Step 1: Tokenizing the Texts
Please refer to the below table for all of the texts we started with. We were unable to chunk the whole Moonstone because it continued to crash the tokenizer. As a result we broke The Moonstone up into seven different pieces. The organization schema we based on the Gutenberg project for ease. The only difference is that we combined everything after the 6th narrative to the epilogue in one grouping. After tokenizing the text we moved onto using chunking, merging chunksets and treeview.
Step 2: Overcoming Failures with Dendrograms
We first chunked by # of chunks into 1000 chunks for each and tried to merge chunkset 4 times and it crashed, which was our first failure.
Then we rechunked and relabeled (please see the provided table) and used advanced by chunk size, rather than # of chunks. This successfully chunked everything , merged chunksets and called it WholeCorpus, which was useless because it was too difficult to read. We tried it three times into treeview and clicked get dendro and used first a PDF clustering, which never uploaded.
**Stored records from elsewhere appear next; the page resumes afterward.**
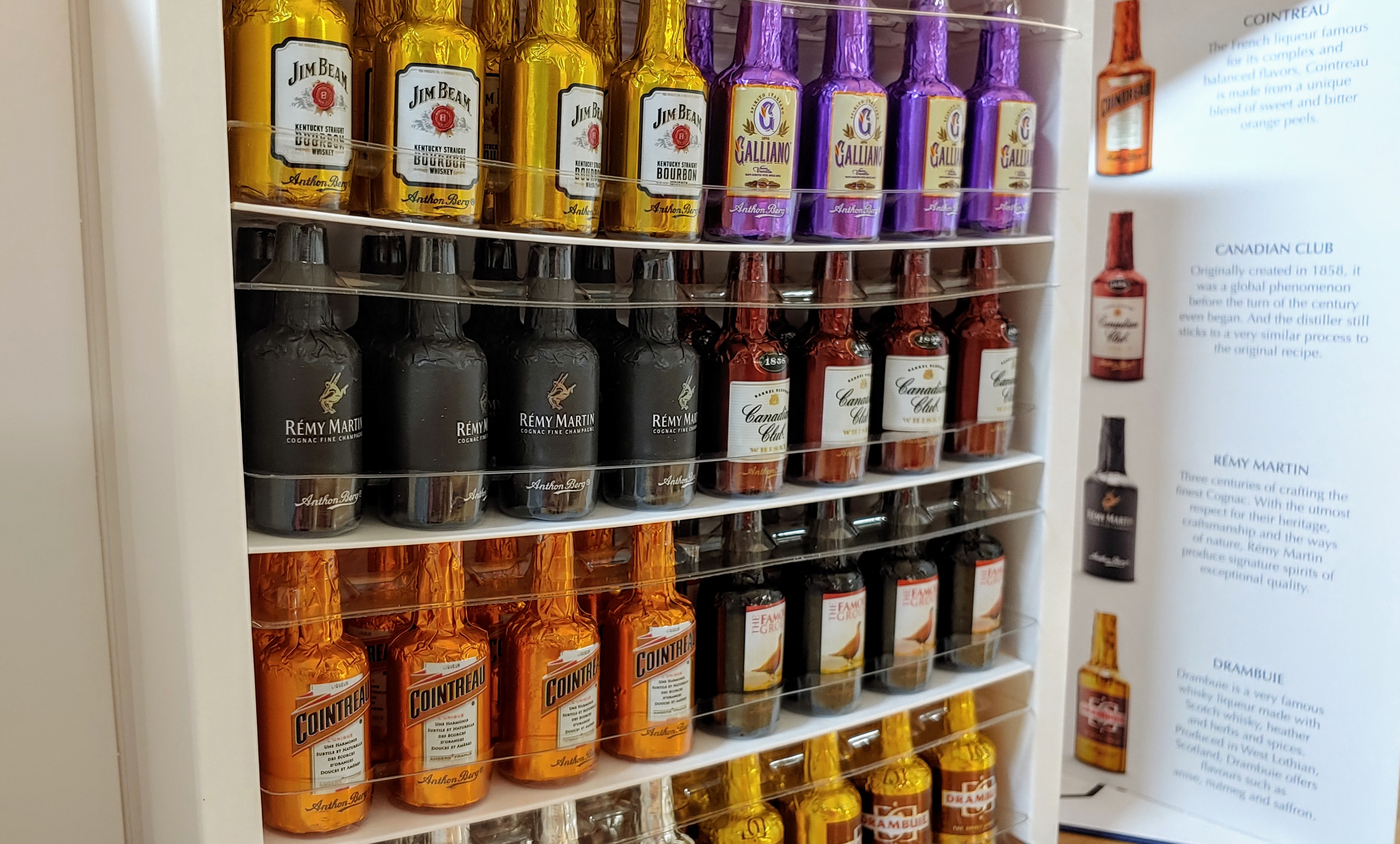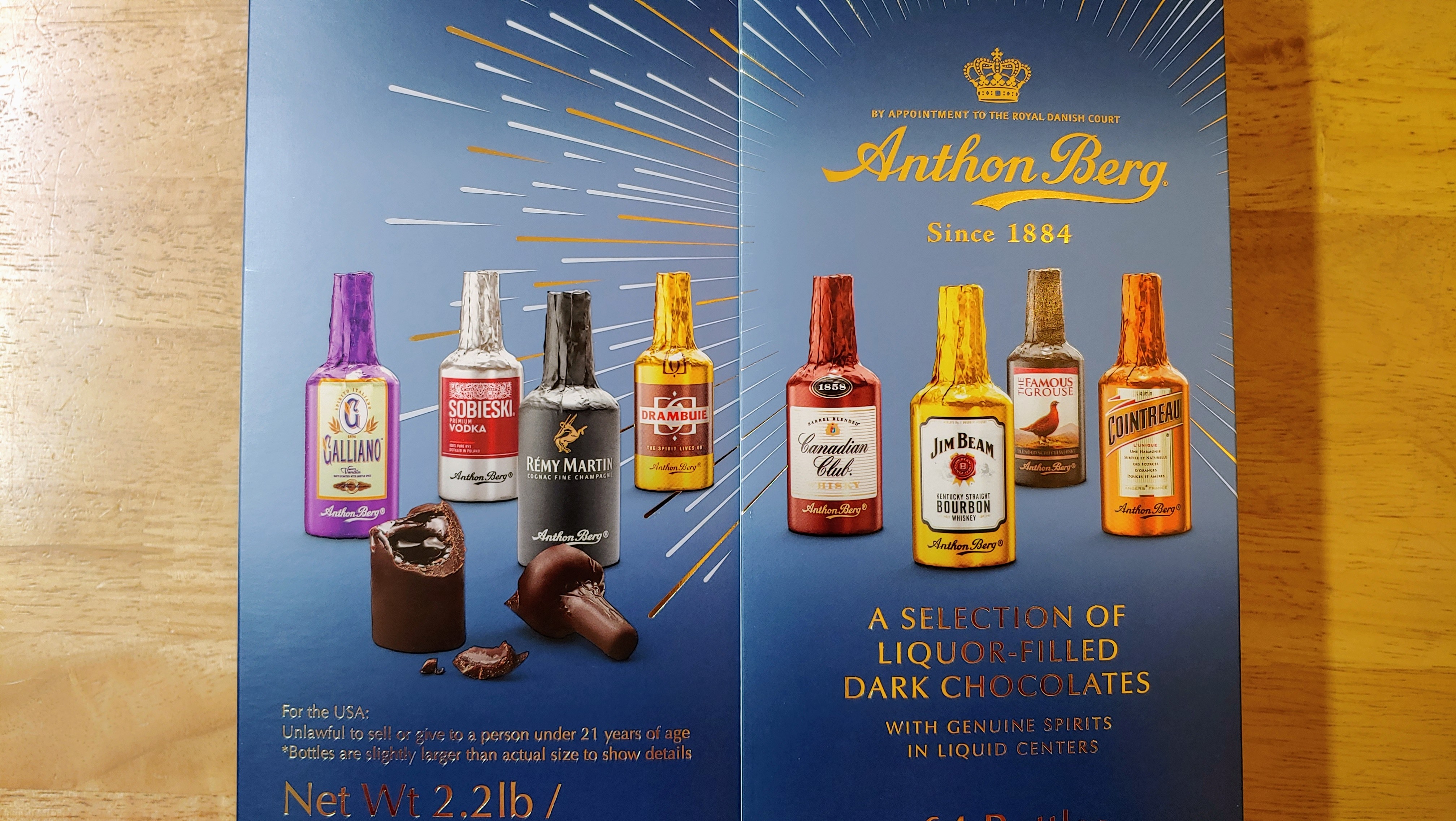 그런데 사실 이 초콜릿에 들어있는 주류는 위스키뿐만이 아니에요. 코냑, 보드카, 쿠앵트로, 드람뷔, 갈리아노 등 세계의 유명 주류 여덟 가지가 들어있습니다. 술의 함량도 상당하다고 해요. 술 약한 사람이 몇 개 집어먹으면 취할 수도 있다고 합니다. 그래서인지 미국 내에서는 21세 이하에게는 팔 수 없다고 박스에도 명기돼 있네요.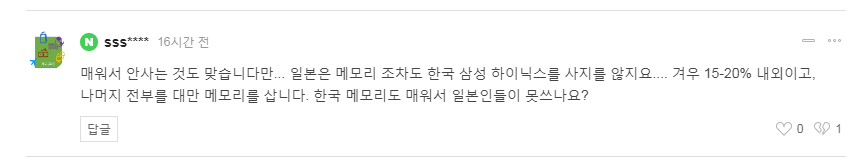 虽然因为辣不买也没问题…但日本连存储器都不买三星海力士的….只购买大约15-20%,其余都从(中国)台湾购买。难道是因为韩国的存储器太辣,日本人没法用?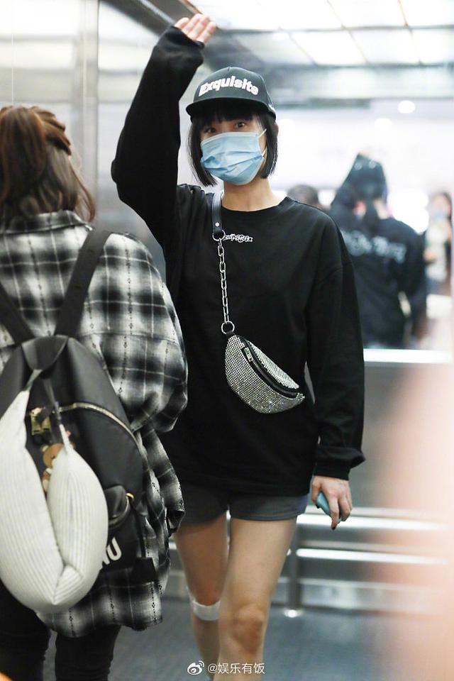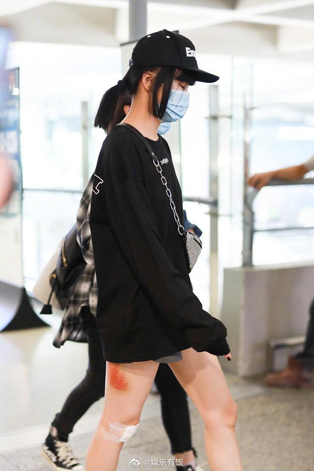 下面是黄龄最新的机场照,大腿外侧明显有擦伤的痕迹,膝盖上还包着纱布,看起来挺严重的。

Then we did dendro phyloxml and got an OOPS message then we viewed the 3rd was download XML, however this never successfully downloaded.
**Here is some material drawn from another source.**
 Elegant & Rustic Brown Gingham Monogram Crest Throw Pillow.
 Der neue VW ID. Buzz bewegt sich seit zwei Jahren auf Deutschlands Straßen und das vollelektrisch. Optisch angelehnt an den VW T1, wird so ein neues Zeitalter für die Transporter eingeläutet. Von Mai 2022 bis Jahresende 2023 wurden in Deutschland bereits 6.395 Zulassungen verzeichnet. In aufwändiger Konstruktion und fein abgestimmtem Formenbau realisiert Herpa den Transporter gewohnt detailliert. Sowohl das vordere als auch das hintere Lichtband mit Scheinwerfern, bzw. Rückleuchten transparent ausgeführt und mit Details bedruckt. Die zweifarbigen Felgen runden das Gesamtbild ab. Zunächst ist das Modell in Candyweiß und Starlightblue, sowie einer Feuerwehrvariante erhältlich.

The failures continued until Then we ran some sample tests using Moonstone1stperiod =114 and the CaskAmon=2.
After conducting Moonstone 1st period and cask of amon. as a test to see if it fails we used it as a PDF.
We tested the Moonstone1st period to see #chunks would be less that 114. so 2000 chunks=57. then we chunked it to 4000= 28 chunks.
Step 3: Success!
After numerous failed attempts we decided to use advanced chunking and break up our chunks into 30 chunks or less. Although seemingly arbitrary, this produced readable results. Following is a graph of all of the most useful dendrograms. All together we produced fifteen dendrograms useable dendrograms and countless useless ones. For the purposes of this blog we are choosing to post only the most useful. Aside from the dendrogram below, all others will be reproduced in our individual analysis sections.
This dendrograms is called “Everything” and it is the first readable dendrograms we made.
Because of difficulties and problems with tokenizing we could not compare the entirety of The Moonstone to the various texts. As a result, we separated The Moonstone into seven parts, using Project Gutenberg’s labeling system.
For a complete breakdown please see the graph:
Using the dendrograms as a starting point we decided to narrow our focus even more and limited ourselves to five texts, which were the most similar and exemplified what we found. Using a Dendrogram we narrowed our focus to include The Moonstone, “The Murders in the Rue Morgue,” “The Purloined Letter,” The Sign of Four and A Study in Scarlet. Tara focused on the end of The Moonstone with “The Murders in the Rue Morgue.” Sinead focused on “The Murders in the Rue Morgue” and ” The Purloined Letter.” Kendra focused on The Sign of Four and the “The Purloined Letter.”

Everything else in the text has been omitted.